_What you have to do_.
Nothing but the lines from the one with "Visit Proof |" down to the one with "Palampur is the" should be returned, exactly and with both ends included, from the material below.

*** Opening of Data in this exercise ***

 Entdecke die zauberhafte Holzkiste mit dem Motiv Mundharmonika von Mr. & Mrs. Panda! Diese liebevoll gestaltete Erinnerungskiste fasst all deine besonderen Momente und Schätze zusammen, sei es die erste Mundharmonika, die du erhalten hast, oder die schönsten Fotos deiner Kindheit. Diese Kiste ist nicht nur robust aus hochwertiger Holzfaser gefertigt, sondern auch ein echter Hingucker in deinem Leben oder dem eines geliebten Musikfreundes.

*** Close of Data in this exercise ***
*** Opening of Data in this exercise ***

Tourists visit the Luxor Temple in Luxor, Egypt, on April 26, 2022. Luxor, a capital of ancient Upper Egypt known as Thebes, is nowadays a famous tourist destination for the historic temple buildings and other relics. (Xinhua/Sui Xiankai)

*** Close of Data in this exercise ***
*** Opening of Data in this exercise ***

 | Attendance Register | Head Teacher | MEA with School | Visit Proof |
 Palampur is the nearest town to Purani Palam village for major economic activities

*** Close of Data in this exercise ***

_Final answer_.
 | Attendance Register | Head Teacher | MEA with School | Visit Proof |
 Palampur is the nearest town to Purani Palam village for major economic activities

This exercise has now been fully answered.